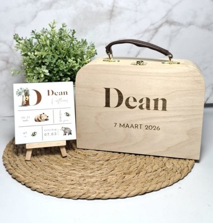 Een uniek koffertje, geïnspireerd op het geboortekaartje of geheel naar eigen wens. Je kan hier de eerste babykleertjes in bewaren of alle mooie ontvangen kaarten. Het is zelfs leuk om mee te spelen.
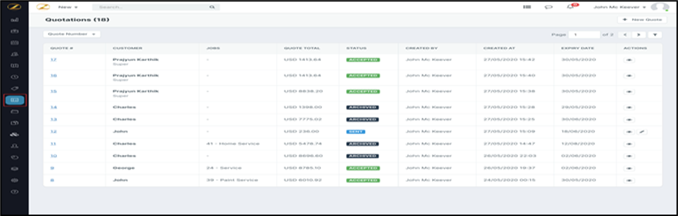 1. Select the “Quotations” module from the
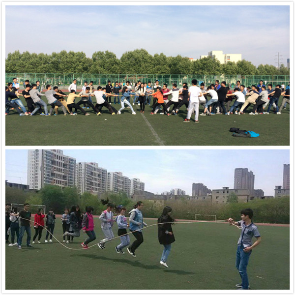 4月21日下午,机设14-7班与机设14-8班的同学们在足球场开展了一场拔河比赛。比赛的哨声一响,队员们一起高呼着“一二,一二……”,双手紧握长绳,卯足了劲拼命往后拉。号子声、呐喊声、加油声,此起彼伏,飘荡在整个足球场上空。
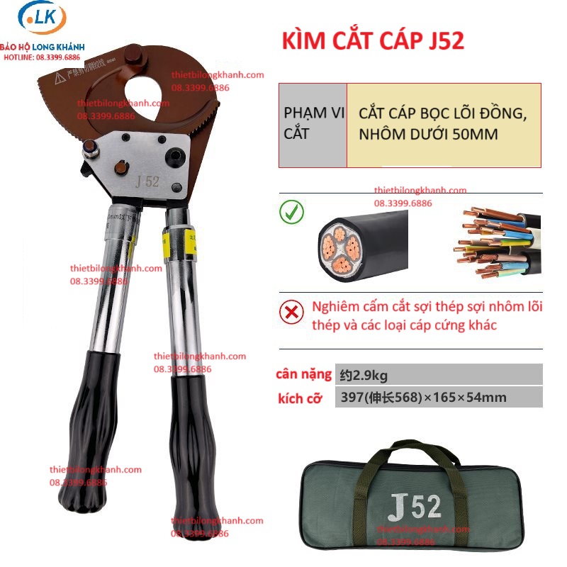 Kìm cắt cáp nhông cỡ lớn J52 sử dụng cơ chế bánh răng đòn bẩy để cắt dây cáp đồng và nhôm hay cáp điện thoại không để lại gờ và cạnh sắc nét với một lực phù hợp của người thợ.
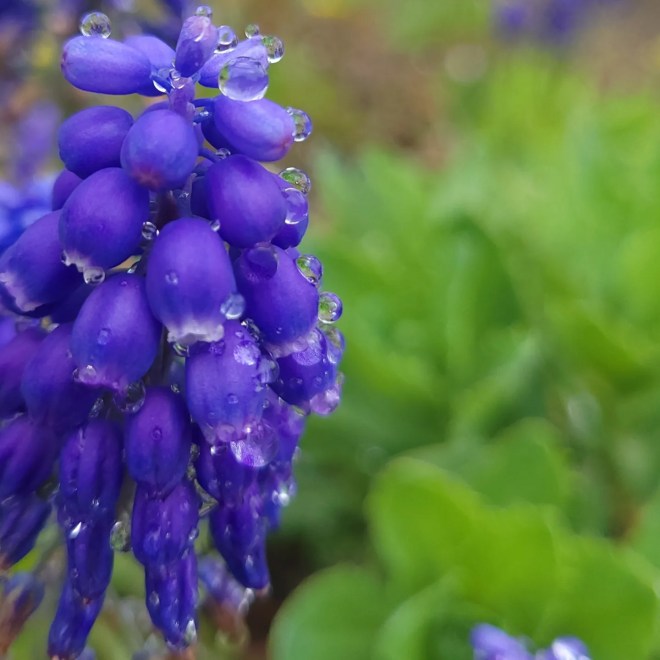 Raindrops on grape hyacinth blooms
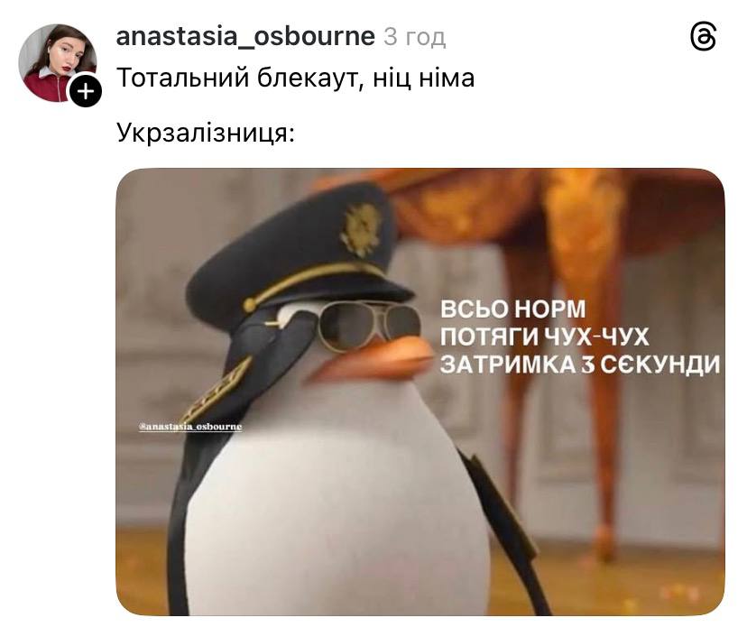 Згадали в мемах і "Укрзалізницю", яка попри регулярні обстріли, відключення та сильні морози продовжує працювати. Щоправда, іноді стаються затримки рейсів.
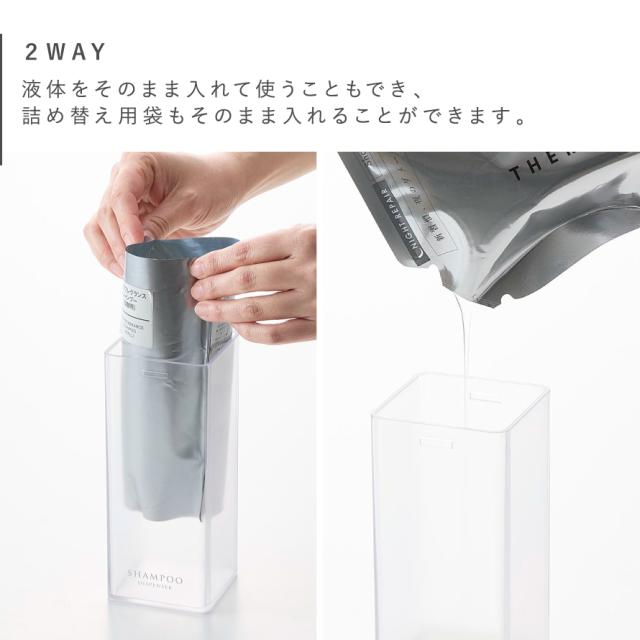 液体をそのまま入れて使うこともでき、詰め替え用袋もそのまま入る便利な2WAY。蓋が大きく外れるので詰め替えもラクラクです。
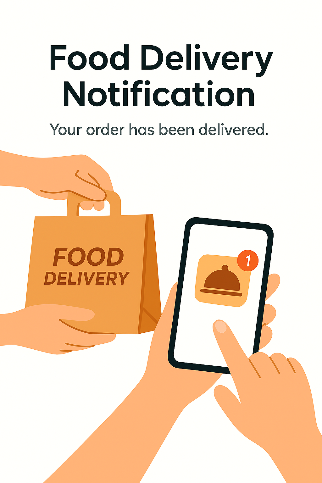 A modern digital illustration depicting a food delivery notification on a smartphone alongside a takeout bag, ideal for restaurant apps or delivery services.
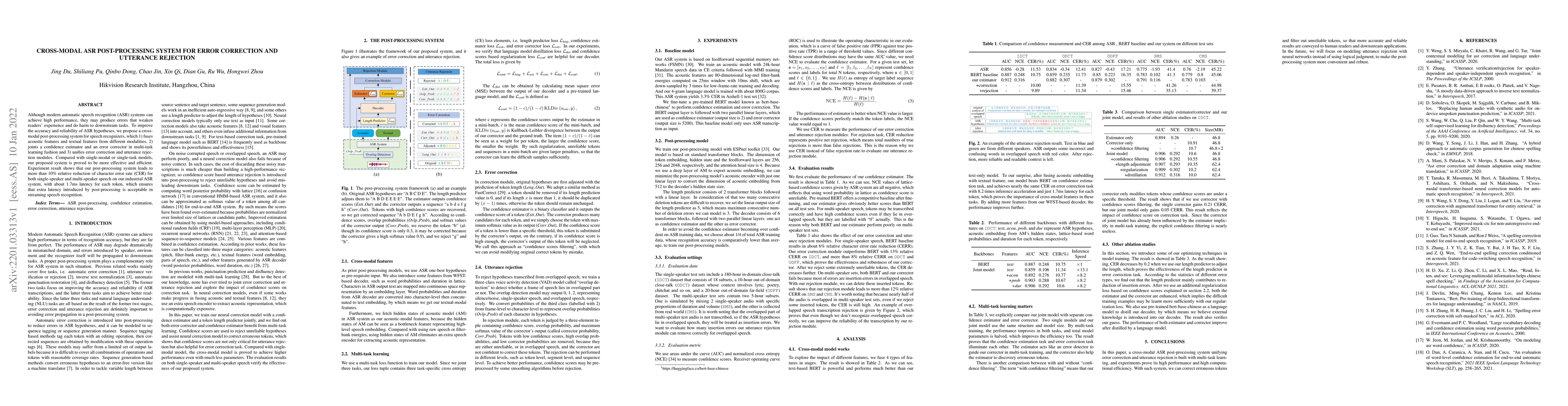 This paper proposes a cross-modal post-processing system to improve automatic speech recognition (ASR) accuracy by fusing acoustic and textual features, integrating confidence estimation and error correction, and combining error correction with utterance rejection. Experimental results show a more than 10% reduction in character error rate with acceptable additional latency.
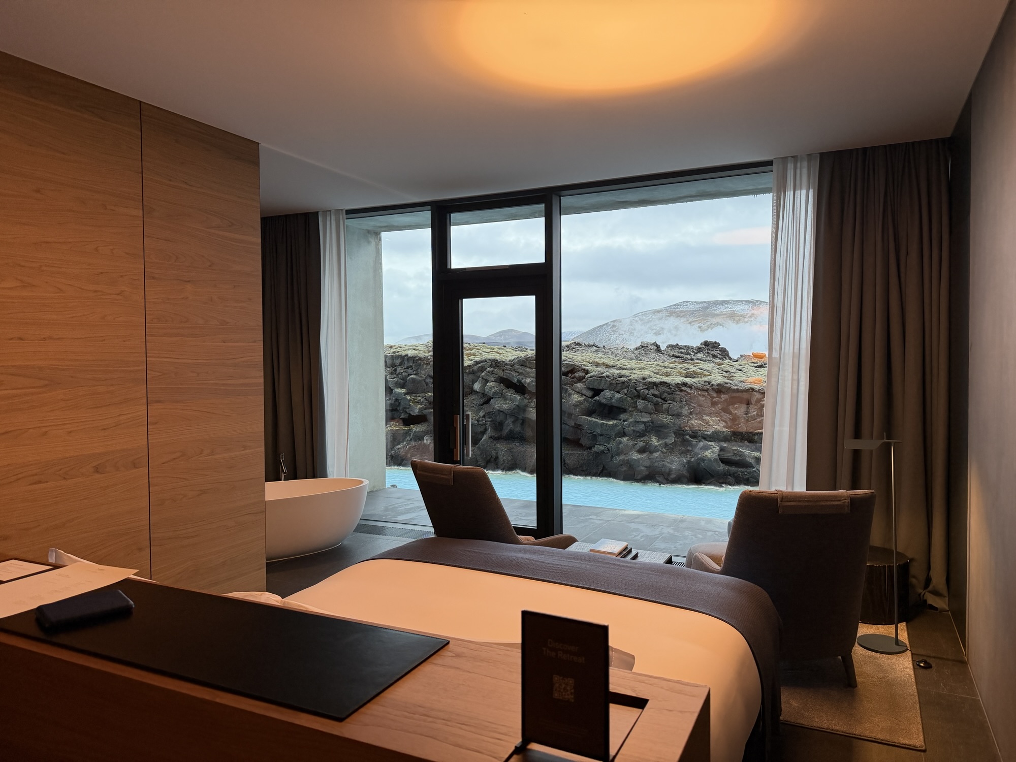 There were moments where we stood on the terrace overlooking the lava fields and the water felt almost perfectly still.

#### EXERCISE AIM:
In the records above, find the line with "A modern digital" and the line with "This paper proposes". Write out exactly those lines and every one between, with no pictures and no other lines.

#### OUTPUT OF THE EXERCISE:
 A modern digital illustration depicting a food delivery notification on a smartphone alongside a takeout bag, ideal for restaurant apps or delivery services.
 This paper proposes a cross-modal post-processing system to improve automatic speech recognition (ASR) accuracy by fusing acoustic and textual features, integrating confidence estimation and error correction, and combining error correction with utterance rejection. Experimental results show a more than 10% reduction in character error rate with acceptable additional latency.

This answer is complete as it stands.